Gene differential expression and Gene Ontology (GO) analysis of DEGs. (AG) Heatmaps of the top 10 DEGs for (A) Rectum, (B) Transverse, (C) Descending, (D) Recto-sigmoid, (E) Caecum, (F) Sigmoid, (G) Ascending. (H) Lollipop chart for GO analysis of DEGs in the sigmoid. (I) Heatmap of GO analysis for DEGs in the sigmoid. (J) Lollipop chart for GO analysis of DEGs in the ascending colon. (K) Heatmap of GO analysis for DEGs in the ascending colon.

Fig. 4
figure 4

GO analysis of DEGs in different colon locations. (A) Lollipop chart of GO analysis for DEGs in the caecum. (B) Heatmap of GO analysis for DEGs in the caecum. (C–F) Cluster chart of GO analysis for DEGs in (C) Rectum, (D) Transverse, (E) Descending, and (F) Recto-sigmoid colon.

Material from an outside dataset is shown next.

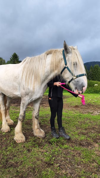 Zum Verkauf steht eine mächtige Shire Horse Stute, geboren im Jahr 2021. Diese Schimmelstute vereint Kraft, Dursetzung und Gelassenheit. Und wenn sie nicht will , dann will sie nicht !! Das geht natürlich mit ihrem Gewicht und ihrer Größe ganz leicht. Einsatzgebiet: Freizeit Preis: 5.900 € statt 8.800 € Diese Stute hat definitiv ihren eigenen Kopf. Und sie bestimmt, ob sie dich mag oder nicht. Sie stand letztes Jahr bei einem Bauern im Offenstall, der sie leider viel zu wenig gefüttert hat. Als wir sie zu uns holten, haben wir über ein halbes Jahr gebraucht um sie wieder aufzufüttern mit allen möglichem Zusatzfutter. Sie hat sich dadurch einen etwas eigenen Gang im Schritt zugetan. Aber ich denke mit weiter guter Verpflegung und auch Training in der Bewegung, ist das wieder hinzubekommen. Sie kennt den Menschen, aber geht nur zu denjenigen hin, den sie auch mag. Ansonsten ist es immer ein lustiges Spiel zu versuchen, sie einzufangen. Denn sie ist trotz ihrer Größe und ihres Gewichts relativ schnell und wendig. Diese außergewöhnliche Stute, hat definitiv Charakter und lässt sich von niemandem um den Finger wickeln, außer du hast ihr Herz gewonnen. Sie ist roh, und wie gesagt mit viel Übung und weiter füttern wird es vielleicht möglich sein, sie eines Tages ( jedoch nicht vor 6 Jahren) , je nachdem wie es ihr geht , mit einem langsamen Beritt anzufangen. Sie wird nur in absolut zuverlässige Hände abgegeben. Und seine Menschen den sie sich aussucht. Also wenn der Funke nicht überspringt, dann ist es nicht das richtige Pferd für dich. Also komm vorbei und schau ob es passt. Auch sie wünscht sich so sehr dass der richtige Mensch kommt.

Constructing regulatory networks of transcription factors (TFs) and DEGs

TFs regulate chromatin structure and transcription by recognizing specific DNA sequences, forming a complex system that guides genomic activity19. The regulatory network in the sigmoid region (Fig. 5A) consisted of 9 DEGs regulated by 11 TFs. The ascending subgroup comprised 10 DEGs regulated by 13 TFs (Fig. 5B). The caecum network consisted of 11 DEGs and 14 TFs (Fig. 5C). In the rectum, 11 TFs regulated 9 DEGs (Fig. 5D). Both transverse and recto-sigmoid subgroups had 12 DEGs regulated by 10 TFs (Fig. 5E, F). In comparison to other subgroups, the descending subgroup had the smallest network, comprising 7 TFs that affected 9 DEGs (Fig. 5G). A notable feature of the regulatory network was the role of TP53, often called the “guardian of the genome,” which plays a pivotal role in key biological processes20. To illustrate the disparities in TP53 expression between controls and treated groups, violin plots (Fig. 5H–N) were employed. Analysis of p-values revealed significant variance across tissues, ranked as follows: Transverse (6.5e-13) < Ascending (2.7e-12) < Sigmoid (4.8e-11) < Recto-sigmoid (7.8e-09) < Rectum (1.8e-06) < Caecum (1.5e-05) < Descending (0.0053).

Fig. 5
figure 5

Transcription factors (TFs) analysis of DEGs in the colon. (AG) Network formed by DEGs and their corresponding TFs: (A) Sigmoid, (B) Ascending, (C) Caecum, (D) Rectum, (E) Transverse, (F) Recto-sigmoid, and (G) Descending. Triangles represent TFs, and ellipses represent genes. (HN) Differential expression analysis of the transcription factor TP53 across locations: (H) Sigmoid, (I) Ascending colon, (J) Caecum, (K) Rectum, (L) Transverse, (M) Recto-sigmoid, and (N) Descending colon.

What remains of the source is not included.